I couldn't find Whirling Butterflies on the day I just had to have it so settled for Geyser White gaura from Lowe's. The flowers DO look like butterflies perched on the end of long wand-like stalks. I know this is so because while putting together a last minute bouquet for a co-worker I added some gaura as an afterthought and the co-worker said, "These flowers look like butterflies!" Well I was pretty darn pleased.

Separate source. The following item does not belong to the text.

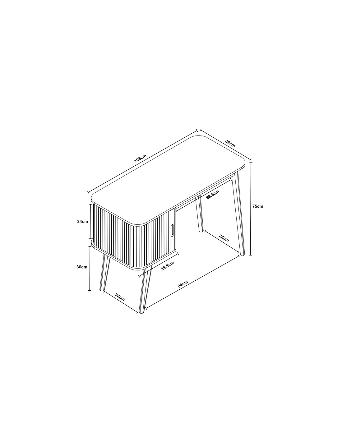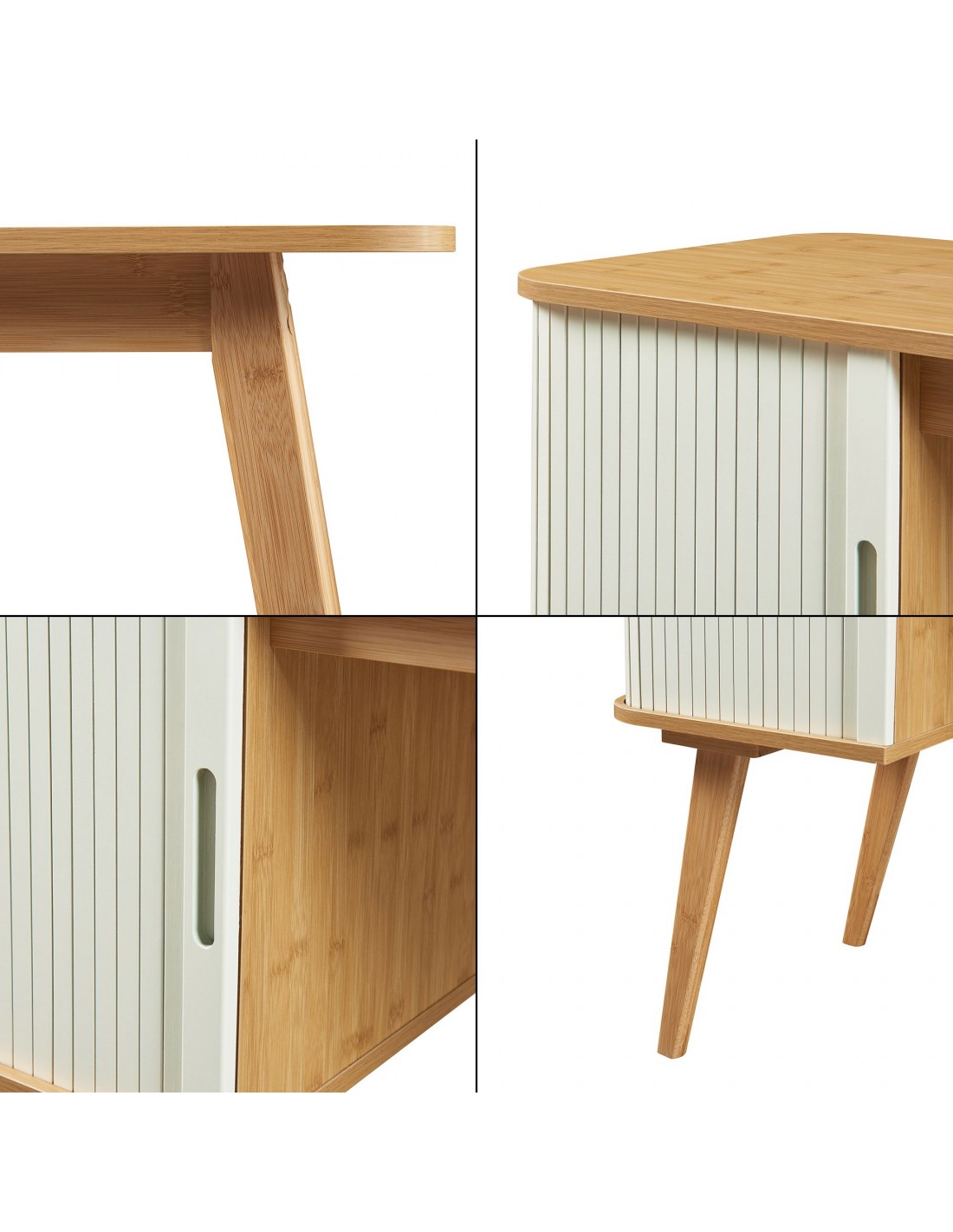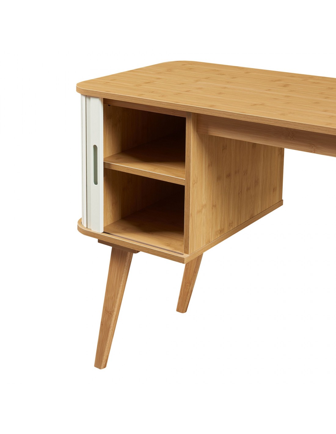TYSVA Skrivebord udført i et moderne og Skandinavisk design af naturfarvet og cremefarvet bambus og MDF. Skrivebordet har 1 skab med skydelåge og måler 75 cm i højden og 105 x 48 cm i bredde og dybde.
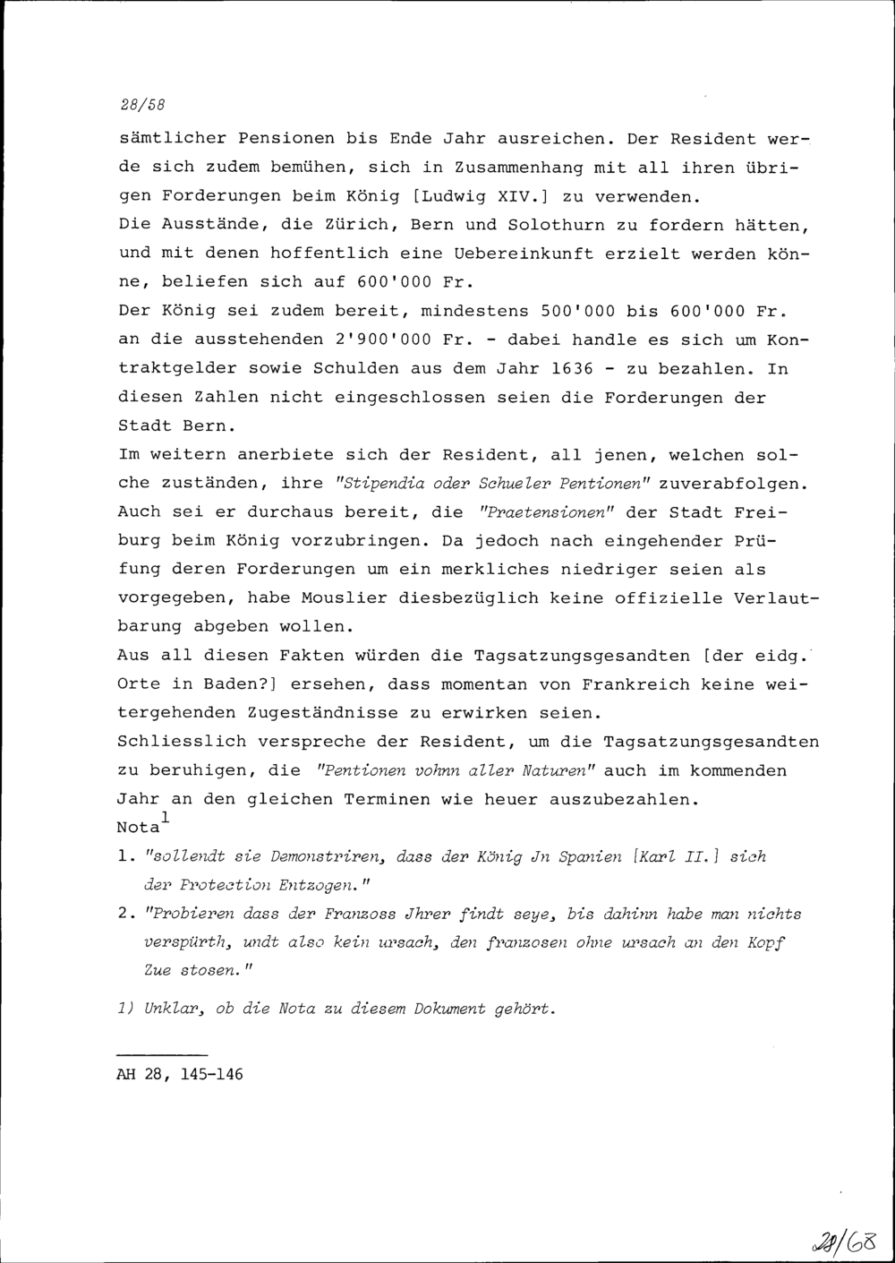 Aufzeichnungen über die Bemühungen von François Mouslier, Resident von Frankreich, die finanziellen Forderungen der Eidgenössischen Orte zu erfüllen

Geyser White, despite its name, has a pinkish base to each white flower, and the leaves inexplicably have some purple spotting on them. This is not a new rust disease in my garden, but is common to gaura apparently. Now if I could just spot a butterfly alighting on my butterflies.

Tuesday, July 04, 2006


"The bombs bursting in air...." or rather, the Monarda bursting in the garden on Independence Day. This sure looks like the fireworks I saw the other night. Good thing we went to a Sunday night show since the rain tonight put a damper on a lot of fireworks displays. This is "Marshall's Delight" in its third year in my garden. After languishing on spindly stalks for the past two summers and fighting off powdery mildew, this year the Monarda has reinforced the old adage about perennials and vines, "The first year they sleep, the second year they creep, the third year they leap."
And according to many gardeners they will leap all over the garden given half a chance. These are in an enclosed bed and if they want to crowd out the phlox that have turned a washed-out lavender they're welcome to it. Actually I think the phlox was a washed-out lavender when I received it from a co-worker who was thinning out her flower beds several years ago. That's the trouble with planting something that you can't see in bloom at the garden center, you never know what you're going to get. It was free but I'd rather have beautiful.